UNFI, a primary wholesale natural grocery distributor to Whole Foods, has the largest warehouse capacity of any distributor in the natural products industry with approximately 6.2 million sq. ft. (575,980 sq. m.) of space at 20 distribution centers nationwide. According to tracking by the Conway Data New Plant Database, the company had active new facility projects in 2009 in Providence, R.I.; Lancaster, Texas; and Auburn, Wash.

For its operations in Massachusetts and Connecticut, UNFI has used energy management services firm World Energy Solutions to secure 25 percent of its power needs from green sources. And in March 2010, UNFI announced plans to adopt hydrogen fuel cell technology developed by Air Products to power the 65-vehicle lift truck fleet at its 352,000-sq.-ft. (32,701-sq.-m.) distribution center in Sarasota, Fla. By doing so, it expects carbon emissions will be reduced by approximately 132 metric tons annually, an amount equivalent to the annual emissions of 35 automobiles.

In August 2009, PepsiCo's Frito-Lay Killingly, Conn., manufacturing facility celebrated the inauguration of its co-generation system, which will generate almost 100 percent of the site's electrical requirements. To maximize the system, the facility will utilize the waste heat generated to produce steam to help with the manufacturing of snack products made there. "Today's launch of the Co-Gen system is an example of sustainability and partnership in action," said Leslie Starr Keating, senior vice president, operations, Frito-Lay North America, citing the company's partnership with the State of Connecticut and the Department of Energy.

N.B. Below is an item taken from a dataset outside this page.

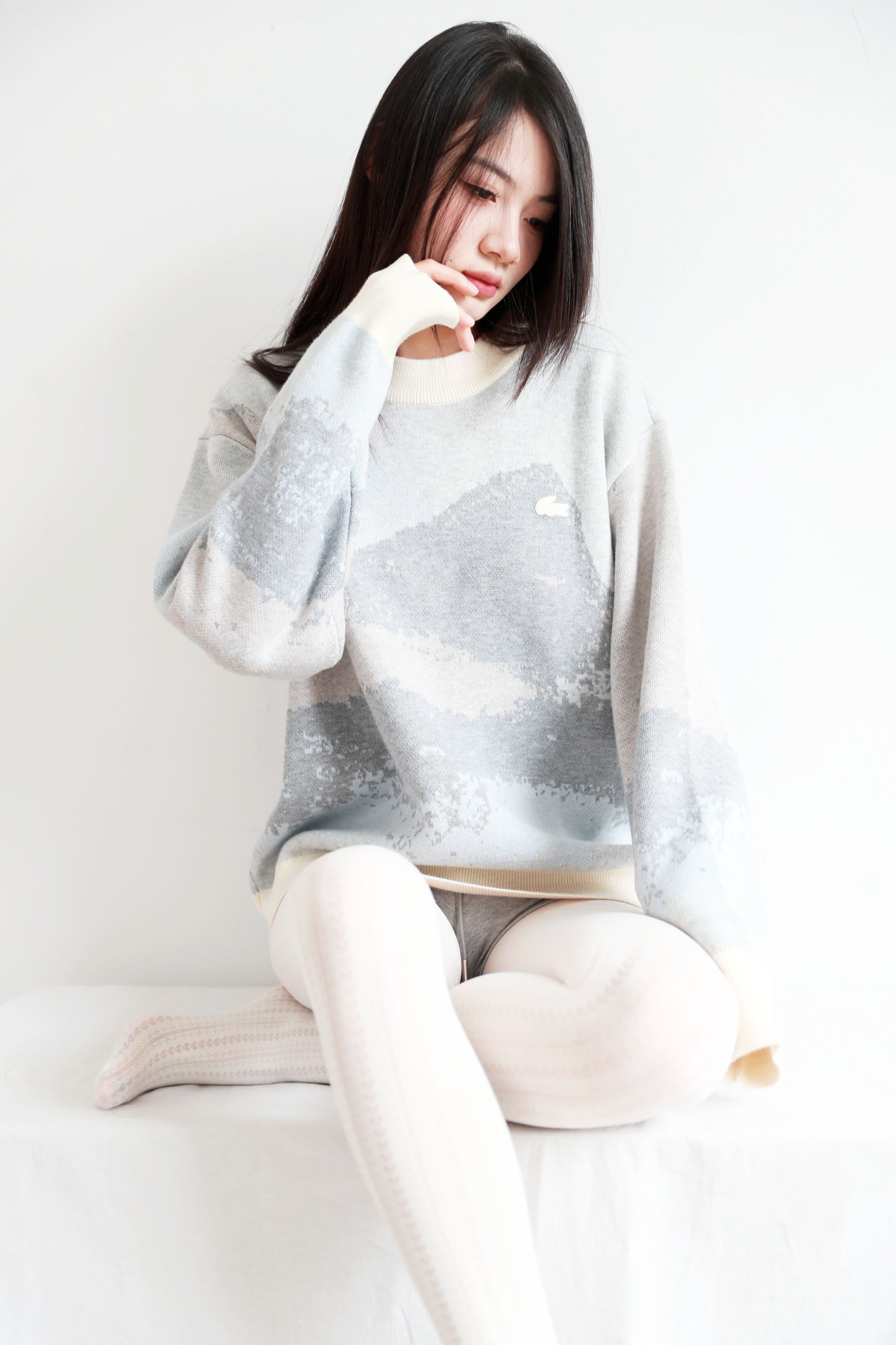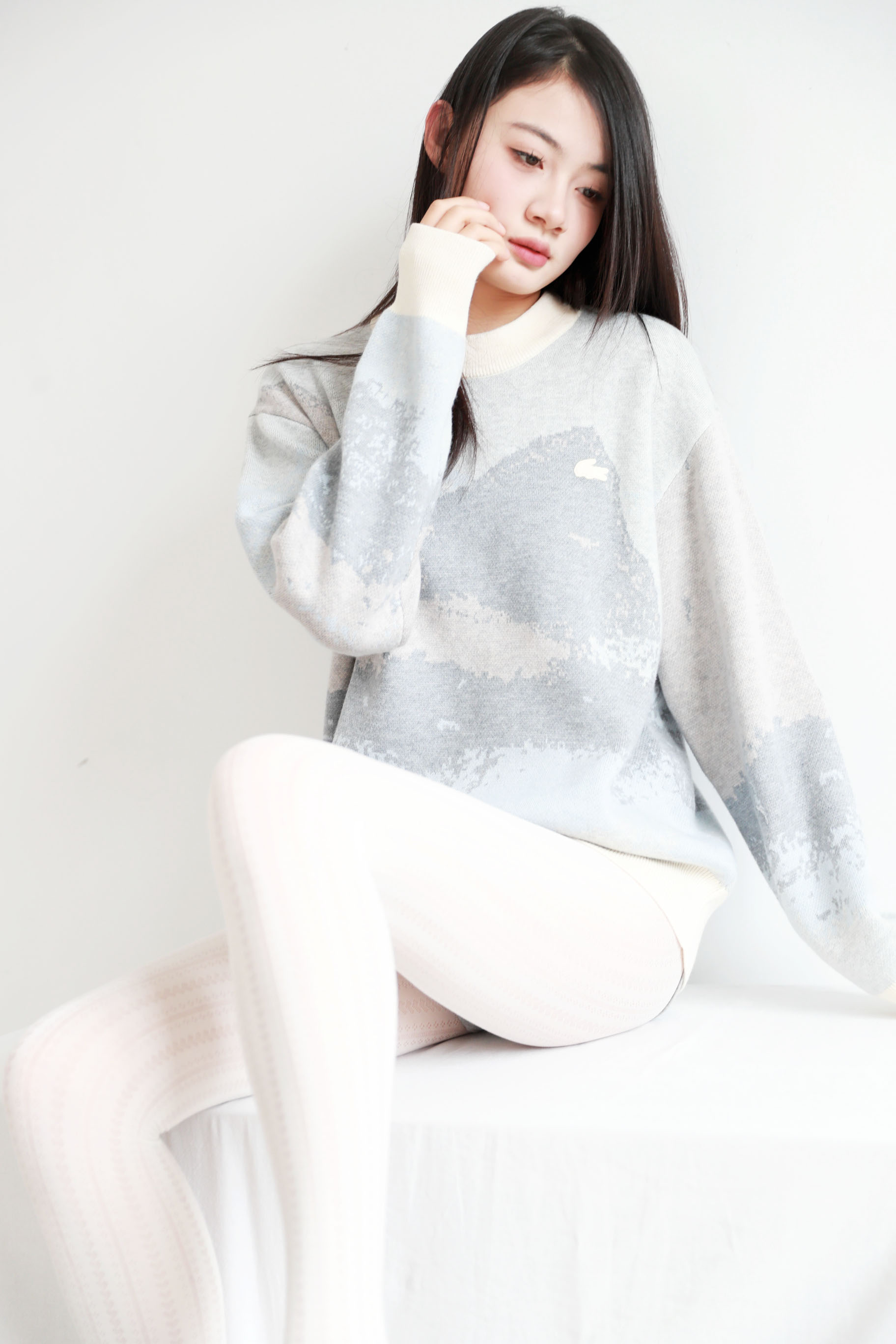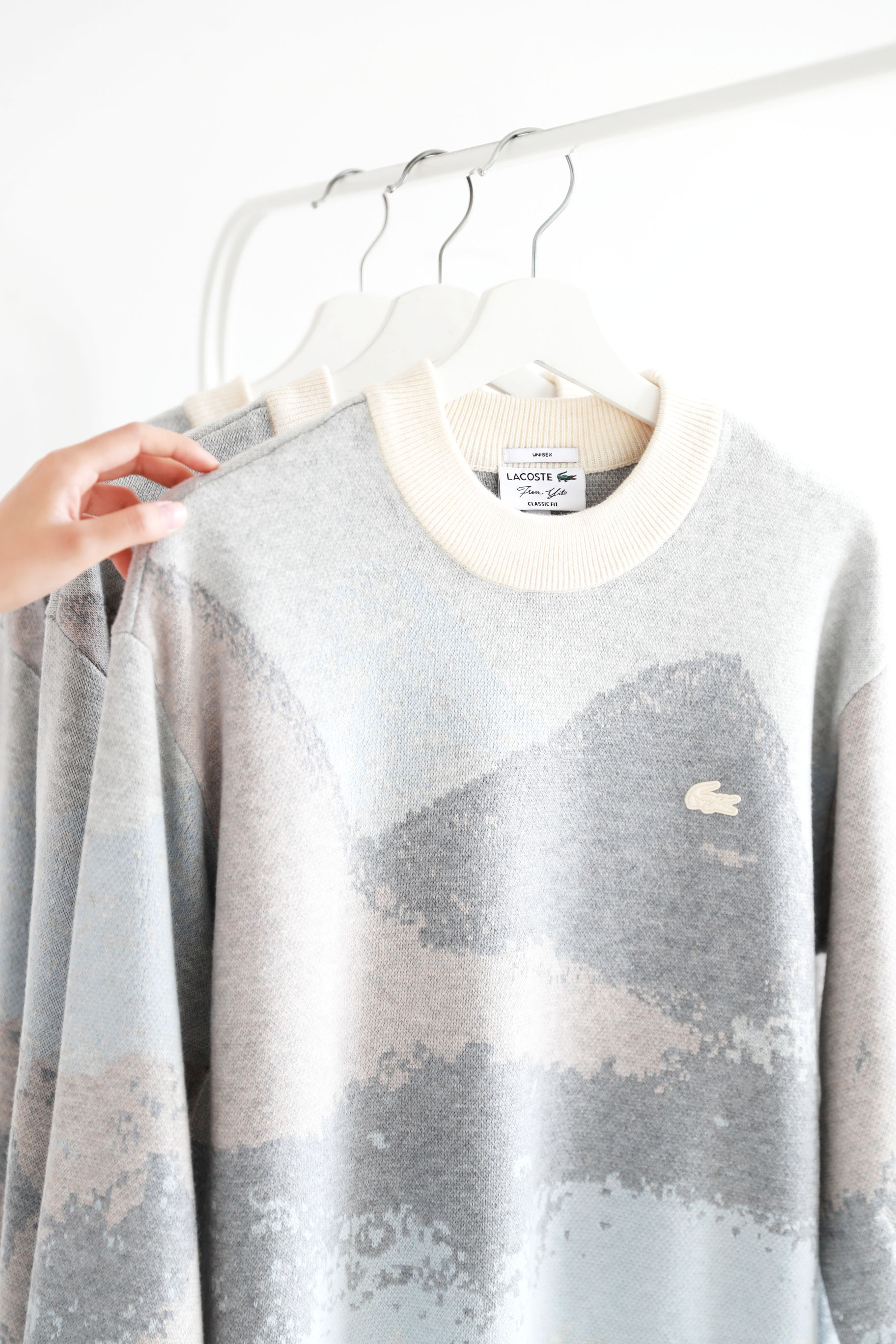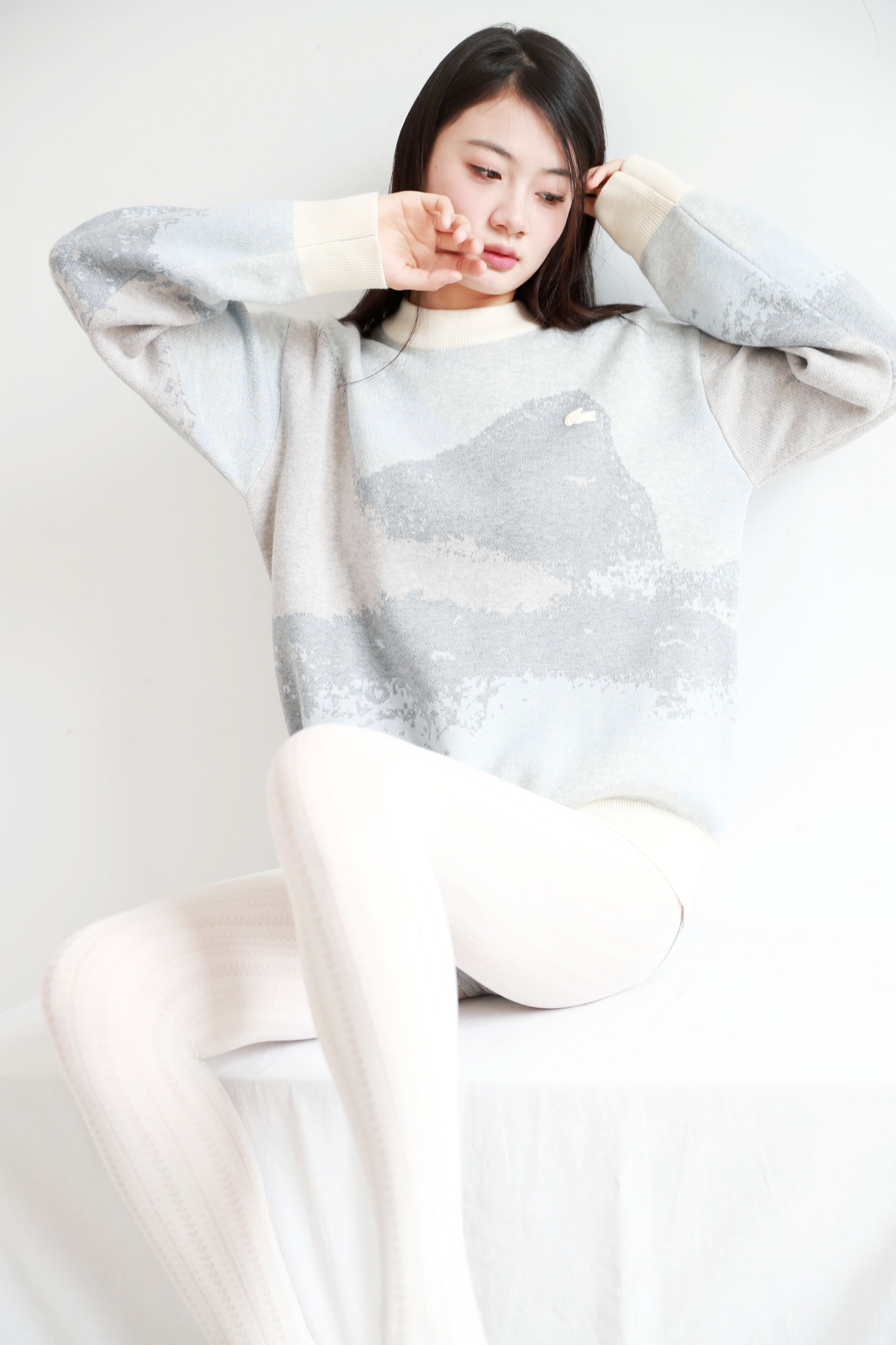 10%山羊绒+90%羊毛,签名款刺绣羊毛衣。山系提花圆领外套C122568

Frito-Lay also is investing $28.5 million in its 131-acre (53-hectare), 550,000-sq.-ft. (51,095-sq.-m.) campus in Beloit, Wis., which will help add up to 24 jobs to a payroll of 500. Frito-Lay announced its introduction into the state's Green Tier program, which recognizes companies that voluntarily commit to heightened environmental performance standards. During the last five years, Beloit's Frito-Lay Green Team has achieved environmental milestones that include a 99-percent landfill-free site; a 27-percent reduction in natural gas emissions; 50-percent less water consumption; and an overall reduction in greenhouse gases by 17 percent, all of which should help the facility achieve LEED certification by this year.


Story in Pictures

With the inauguration of a new co-generation system in August 2009, PepsiCo’s Frito-Lay snack food manufacturing plant in Killingly, Conn., effectively removed itself from the Northeast power grid, just days before the sixth anniversary of the Northeast Blackout.